SAN FRANCISCO — SRI International’s Pathway Tools software is currently in use at more than 1,300 academic and commercial research groups and has generated nearly 400 pathway databases to date, according to Peter Karp, director of SRI's Bioinformatics Research Group.
Speaking at Cambridge Healthtech Institute’s Molecular Medicine Tri-Conference here this week, Karp discussed a number of new features available in the software suite, which automatically generates pathway databases for organisms based on their genome sequence data.
Karp said that SRI’s BioCyc collection now includes 371 pathway/genome databases that it has generated internally. In addition, a “partial list” of externally developed pathway/genome databases on the BioCyc website now numbers 17 projects, ranging from microbes to higher-level organisms such as mouse and Arabidopsis.
Representatives from several of these projects spoke at the conference, providing insight into the benefits and limitations of the software.
For example, Carol Bult, a staff scientist in the informatics group at the Jackson Laboratory, noted that Pathway Tools proved extremely useful in creating MouseCyc, a mouse pathway database that complements the information in the Mouse Genome Informatics database.
However, she noted that the system resulted in a very high number of false predictions: The software originally predicted 304 pathways, but the MGI curators have pruned that down to 174. One reason for this, she explained, is the fact that the predictive engine in Pathway Tools, called PathoLogic, takes as input the genome sequence data of the organism in question — in this case mouse — along with SRI’s MetaCyc database of manually curated metabolic pathways, which is “heavily weighted” with information on microbial biochemistry.
Since mammalian biochemistry is obviously very different from that of microbes, the false predictions are understandable, Bult said. She added that the MGI curators are beginning to add mammalian-centric pathways to MouseCyc, and they plan to add these to MetaCyc as well in order to improve the predictive ability of the resource for other mammalian model organism database projects.
“There are so many new genomes being sequenced, and they won’t all be able to have large curation teams,” he said. “Therefore, these types of tools could prove to be very valuable.”
Karp noted that one challenge SRI is facing is the fact that as MetaCyc grows, the false positive rate is actually increasing. He said that his team is developing an improved version of PathoLogic to account for this, and that it should be available in about a year.
Bult said that the MGI group is also working to add more biological context to the pathways in MouseCyc, such as information about tissue and cell specificity, which Pathway Tools currently doesn’t predict. Karp said that SRI plans to support the prediction of pathways for multiple cell types in future versions of the software.
Bult said that MouseCyc is proving to be a useful tool for “many applications” of interest to MGI users. For example, she said that researchers can view alleles of interest within the context of particular pathways, rather than the database’s default tabular view. In addition, she said that researchers can draw from the MGI ontology of phenotype terms to determine which phenotypes are associated with genes in a particular pathway.
Other model organism databases are also benefiting from Pathway Tools, although for different reasons. For example, Rex Chisholm, director of genetic medicine at the RH Lurie Cancer Center at Northwestern University, described his group’s effort to create a pathway/genome database for the social amoeba Dictyostelium.
Chisholm noted that for model organisms like Dictyostelium that are not as well-annotated as the mouse, software like Pathway Tools offers an opportunity to increase the level of annotation through comparative genomics. This could prove to be a big benefit for future genome sequencing projects, he noted. “There are so many new genomes being sequenced, and they won’t all be able to have large curation teams,” he said. “Therefore, these types of tools could prove to be very valuable.”
Lukas Mueller, a researcher in the department of plant breeding at Cornell University, also discussed the benefits of Pathway Tools for genomes that are not well characterized. His group is leading the development of SolCyc, a pathway/genome database that will complement the Solanaceae Genomics Network, a clade-oriented database that includes genomic data for tomato, potato, eggplant, pepper, petunia, and other species.

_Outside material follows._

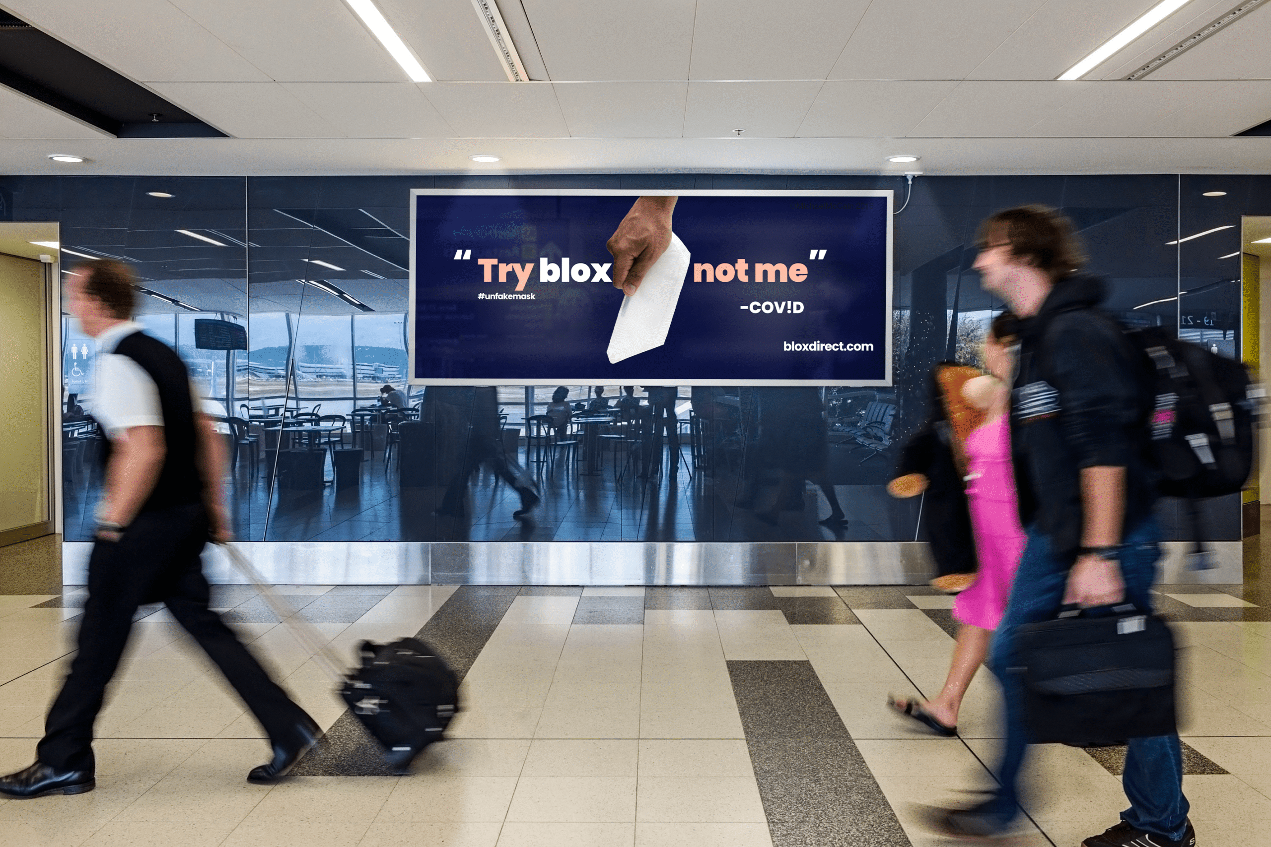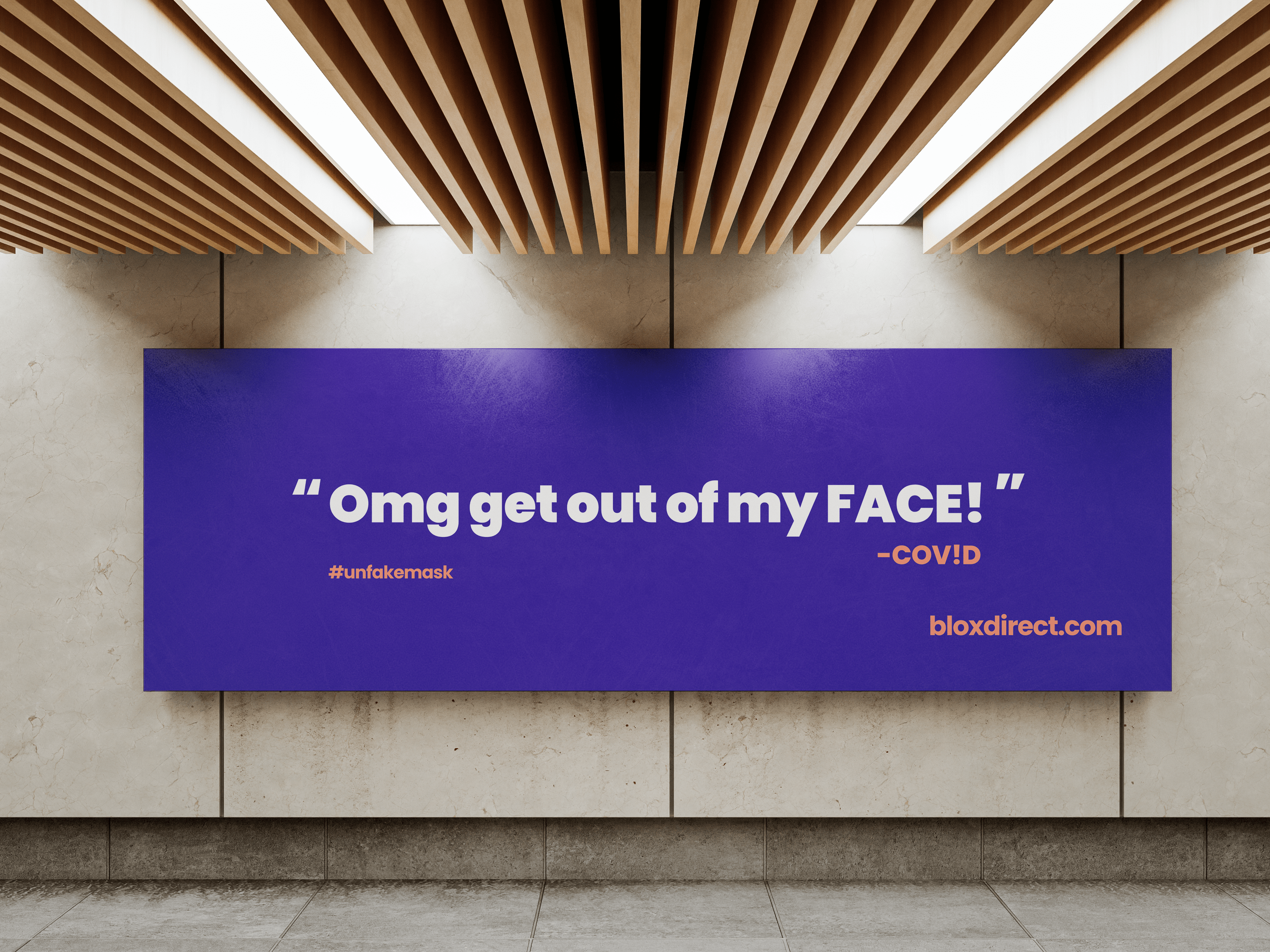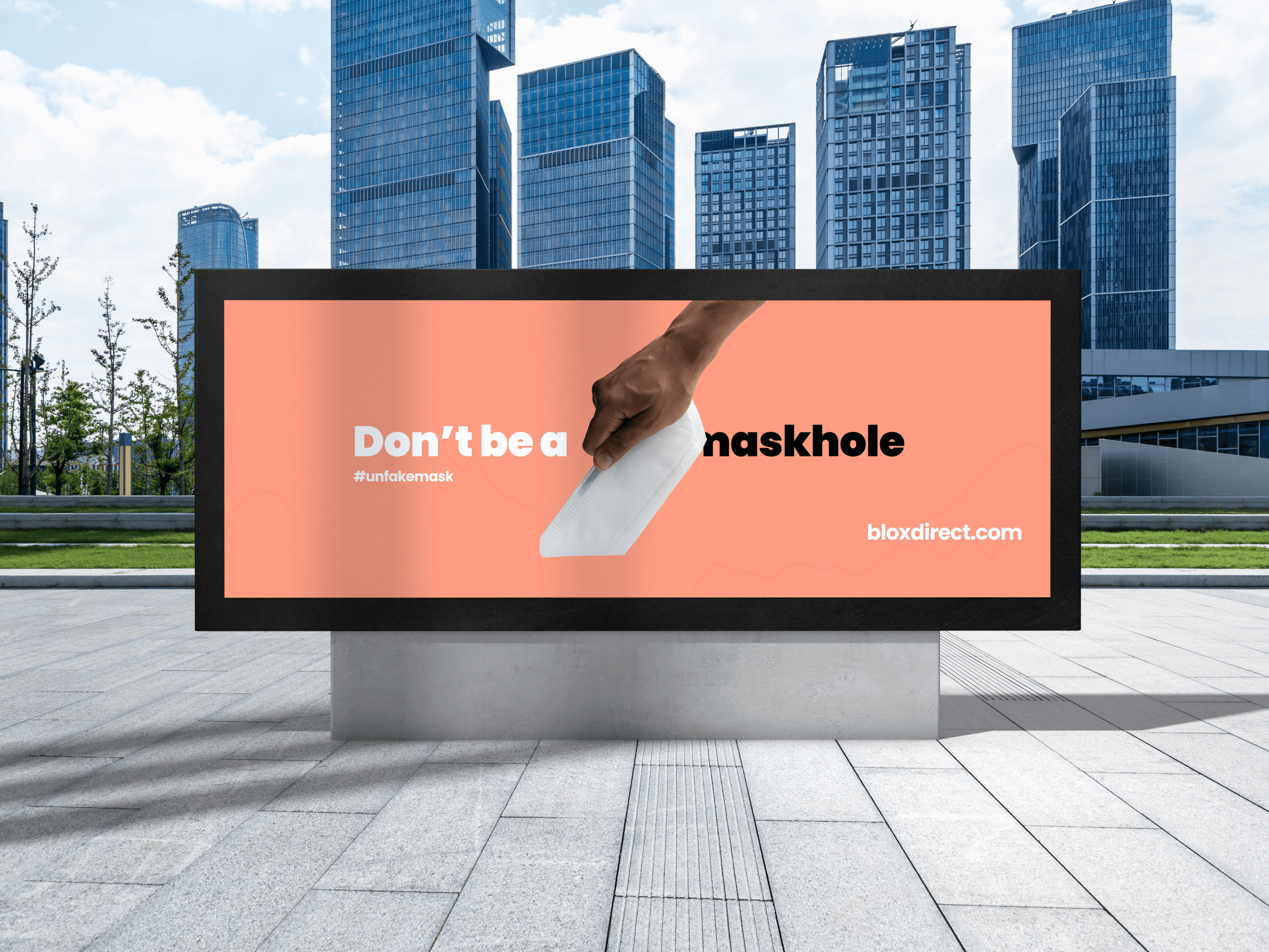 Develop a brand communication strategy and visual system for blox, a US-based manufacturer of face masks, to address the rise of non-certified and counterfeit N95 masks in the market. The goal was to create a fresh, youthful, and relevant identity that resonated with today’s consumers while standing out in a crowded marketplace.

Because none of these organisms is sequenced, Mueller said that the SGN researchers are using EST data as input for the PathoLogic predictor rather than sequence data, so they must first assemble the ESTs into unigenes, then Blast them against the Arabidopsis genome and the Genbank non-redundant database, and then run them through PathoLogic.
In addition, he said that the SGN group has performed very little manual curation on the predicted pathways, but plans to adopt a “community annotation” model that would provide web-based tools to allow the plant research community to annotate the database.